The stout middle-aged woman behind Sarah in line groaned. “What’s eating him?” she said.
Sarah only shrugged. She knew, all right, but she didn’t think telling would do her any good. She waited as patiently as she could for the clerk to return. The woman and the people in the queue behind her grumbled louder and louder. Anything that made him leave his post obviously sprang from a plot to throw sand in the system’s gear train.
He came back after three or four minutes that seemed like an hour. With him came another functionary, this one a little older, who also wore an alter Kampfer ’s gold-rimmed Party button on his lapel. The newcomer eyed Sarah as if he’d have to clean her off the bottom of his shoe.
“ You want to get married?” he said, his voice full of even more revolted disbelief than his subordinate’s had held.
“Yes, sir,” Sarah repeated. Whatever she thought of him, she carefully didn’t show.
“And your intended is also of Hebraic blood?”
“That’s right.” Sarah supposed her family had some Aryans in the woodpile. Isidor Bruck looked like what everybody’s idea of looking Jewish looked like. He came by it honestly-so did his father and mother and younger brother.
“What is his name?” the senior bureaucrat asked. She gave it. The senior man sneered. “No, that is not correct. He is Moses Isidor Bruck, and will be so listed in our records.”
“Sorry,” said Sarah, who was anything but. She was mad at herself. She’d just been thinking about the forced name change, but she’d forgotten to use it. Nobody remembered… except people like the ones on the other side of the window.
“I see by your documents that you are twenty years old,” the senior man said. “And what is the age of the other Hebrew?” It was as if he couldn’t even bear to say the word Jew.
“He’s, uh, twenty-two,” Sarah answered.
“Why is he not here to speak for himself?” the bureaucrat demanded.
“He’s working, sir. He’s a baker, like his father.” Bakers never starved. When rations for most German Jews were so miserable, that wasn’t the smallest consideration in the world.
“Mrmp.” The functionary was anything but impressed. He scribbled a note on a form, then glared out through the bars that made him look like a caged animal. But he and his kind were the ones who kept Jews in the enormous cage they’d made of the Third Reich. “And what is your father’s occupation?”
“He’s a laborer,” Sarah said, as steadily as she could. “He used to be a university professor when Jews could still do that.” Both Nazi bureaucrats scowled. To wipe those nasty expressions off their faces, Sarah added, “He’s a wounded war veteran, too. Wounded and decorated.”

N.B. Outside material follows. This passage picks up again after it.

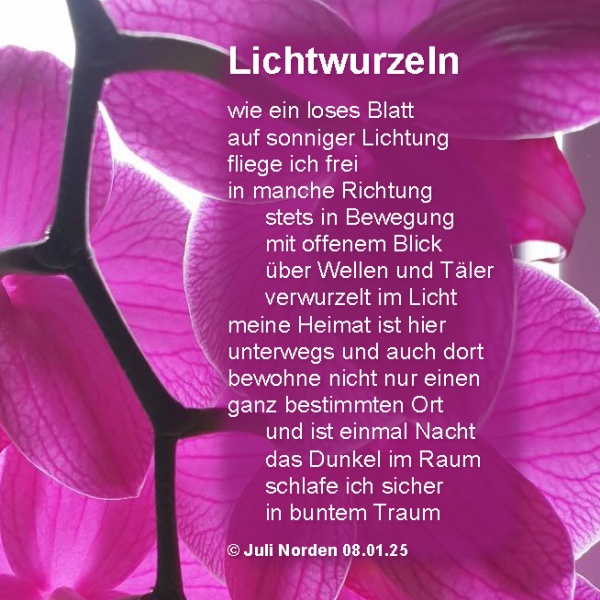 Hier zeige ich meine meistgelikten Gedichte als Top10-Sammlung für Januar 2025 in chronologischer Reihenfolge 🙂 Wer mich kennt, weiß, Juli Norden ist mein offenes Autorinnen-Pseudonym, unter dem ich selbst künstlerische Texte veröffentliche – meine Gedichte übrigens ausnahmslos mit selbst gemachten Fotos 🙂

Benjamin Goldman’s Iron Cross Second Class and his limp did matter. Nazi laws mandated better treatment for Jews who’d fought at the front and their families. Not good treatment-nowhere near good treatment-but better.
Sarah almost told the clerk and his boss that her father and brother tried to volunteer for the Wehrmacht this time around. But she didn’t want to remind them she was related to Saul Goldman, who was wanted for smashing in a labor gang boss’ head after the other fellow hit him and rode him for being a Jew once too often. On the lam, Saul had stolen papers or got his hands on a forged set, so he was in the army now even though the Nazis didn’t know it. The less they thought about him these days, the better Sarah liked it.
Both men with gold-rimmed Party badges went right on looking unhappy. No matter what Nazi laws said about Jewish frontline veterans, a Jew with a medal and a wound was plainly just another kike to them. “Laborer,” the senior fellow said, and he wrote that down, too.